Cherise Fanno Burdeen is chief executive of the Pretrial Justice Institute. Marc Schindler is executive director of the Justice Policy Institute.
Maryland Attorney General Brian E. Frosh (D) last month concluded that two key aspects of Maryland’s money-bail practices — the failure to assess a person’s ability to pay before setting money bail and the failure to assess one’s inability to pay resulting in pretrial detention — would not stand up to constitutional scrutiny.
And a legal challenge seems likely. Nearly a dozen localities — places in Alabama, Mississippi, Missouri and more — through civil rights litigation have been forced to change pretrial practices. These lawsuits have resulted in the immediate release of people held on bonds they could not meet and in changes to court policies. The Justice Department even took the rare step of weighing in on one of these cases, echoing Frosh’s assertion: Pretrial detention or release that hinges on an individual’s ability to pay is bad practice and almost certainly unconstitutional.
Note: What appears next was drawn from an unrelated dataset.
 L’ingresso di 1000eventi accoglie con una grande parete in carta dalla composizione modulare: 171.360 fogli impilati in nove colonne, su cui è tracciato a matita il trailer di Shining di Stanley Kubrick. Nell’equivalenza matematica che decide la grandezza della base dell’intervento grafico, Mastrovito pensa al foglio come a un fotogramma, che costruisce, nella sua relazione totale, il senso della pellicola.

The attorney general’s opinion offers lawmakers a path to avoid similar litigation. Unless state leaders take action, Maryland could join the jurisdictions that have had changes to bail practice imposed on them. Instead, Maryland legislators should replace the money-based pretrial system with a more effective, less expensive evidence-based approach that results in the nonfinancial release of most people and risk-based detention for the few who are a threat to public safety or of flight.
If one’s liberty is dependent upon the payment of money bail, it is clear that courts have a duty to meaningfully assess the individual’s ability to pay. But looking into every arrested person’s financial assets would be a challenge for a system already stretched thin.
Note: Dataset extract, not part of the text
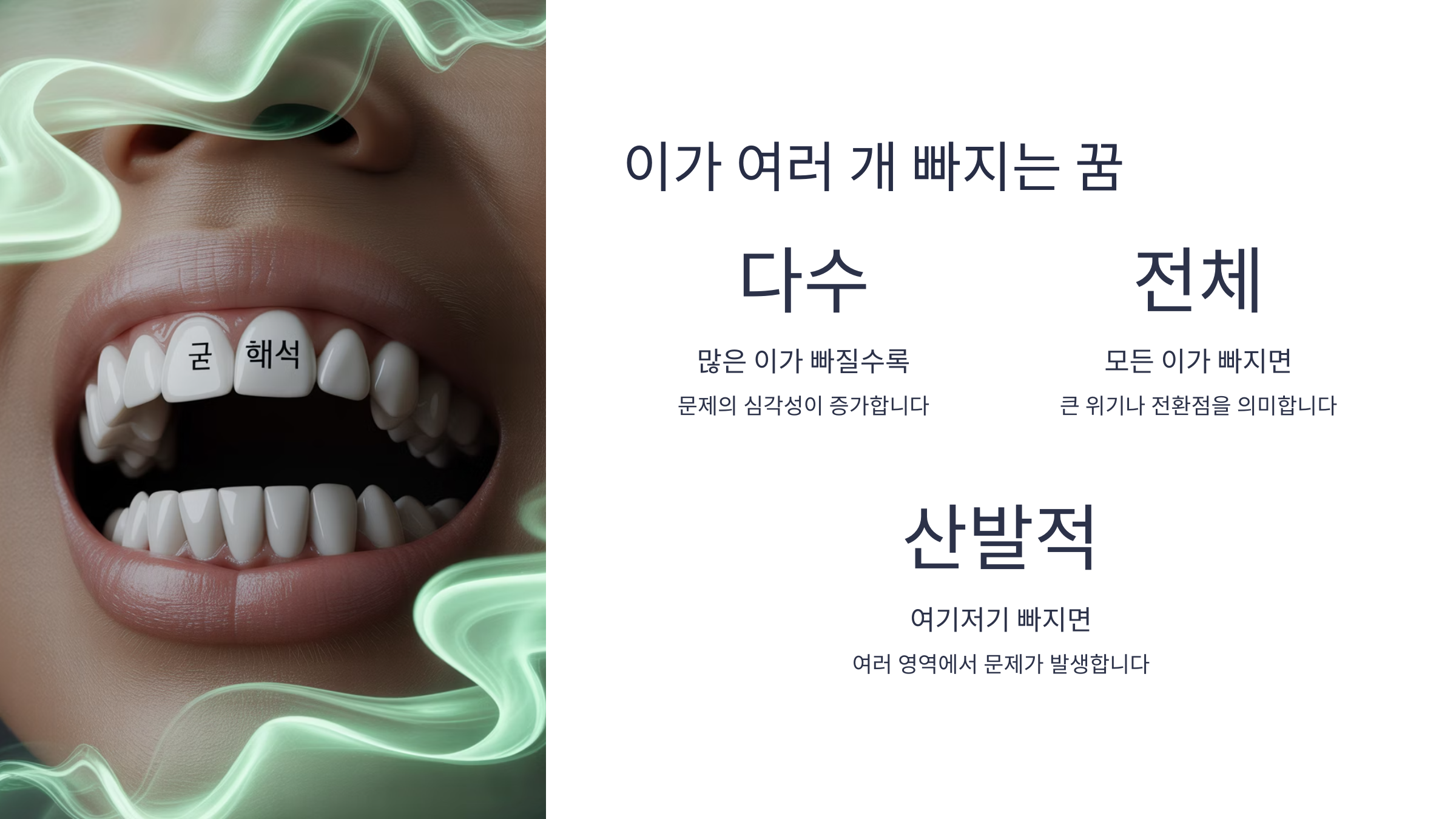 | 이가 모두 빠짐 | 큰 변화, 불안감 극대화 | 새 출발 기회 |

Instead, we should move toward taking money out of the process altogether and use science-based, actuarial risk-assessment tools to better understand the pretrial risks each person poses, like those used in other states and localities. In Maryland, they would show that most people who are arrested are low- or medium-risk and should be released without unnecessary conditions. Some Maryland jurisdictions, including Baltimore City and Harford and Montgomery counties, already incorporate these tools into the pretrial process, but they still assign money bail as a condition of release, rendering the risk-finding essentially moot.
The attorney general also voiced concern about the legality of detaining those who cannot afford the bail amount assigned to them. From the thousands of jailed defendants who cannot pay small bail amounts to the few who make headlines with million-dollar bonds meant to keep them behind bars, this practice is counter to constitutional protections.
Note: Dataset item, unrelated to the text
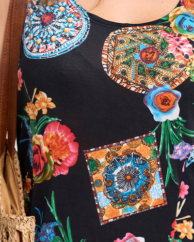 Gemustertes schwarzes kurzes Damenkleid - Kleidung
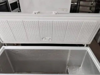 Congelador horizontal de gran capacidad, ideal para negocios o para almacenar grandes cantidades de alimentos. - Diseño moderno y funcional. - Acabado exterior en color amarillo. - Tapa superior con dos secciones.

The attorney general described the problem simply: “You can’t imprison someone for poverty. For one guy, $1,000 bail is no big deal. For somebody else, they might not have 100 bucks, much less $1,000.”
Again, risk-based pretrial justice provides a solution. Legally, only those for whom no court-ordered condition or set of conditions can ensure compliance upon release should be held. The best way to know who fits this small set of high-risk individuals — typically about 8 percent of defendants — is through risk assessment, combined with judicial discretion. Places such as the District and New Jersey have changed their laws to allow for outright risk-based detention — with due process and transparency — and Maryland should do the same, solving the money-based detention issue.
The attorney general’s office submitted a letter to the judiciary’s rules committee asking for changes to the state’s bail system, bringing pretrial practices more in line with constitutional requirements. This is a step in the right direction, and legislators should follow suit and finally remove money from the process once and for all.
If there’s one lesson Maryland — and other states — can take from the recent bail-related civil rights litigation, it’s that it is better to voluntarily design reform rather than be forced into immediate and costly actions by court rulings. Maryland has a chance to build on several years of state-level work to preemptively improve the state’s pretrial systems. The attorney general’s opinion gives policymakers yet another reason to maintain the momentum to make pretrial justice safer, fairer and more effective in Maryland.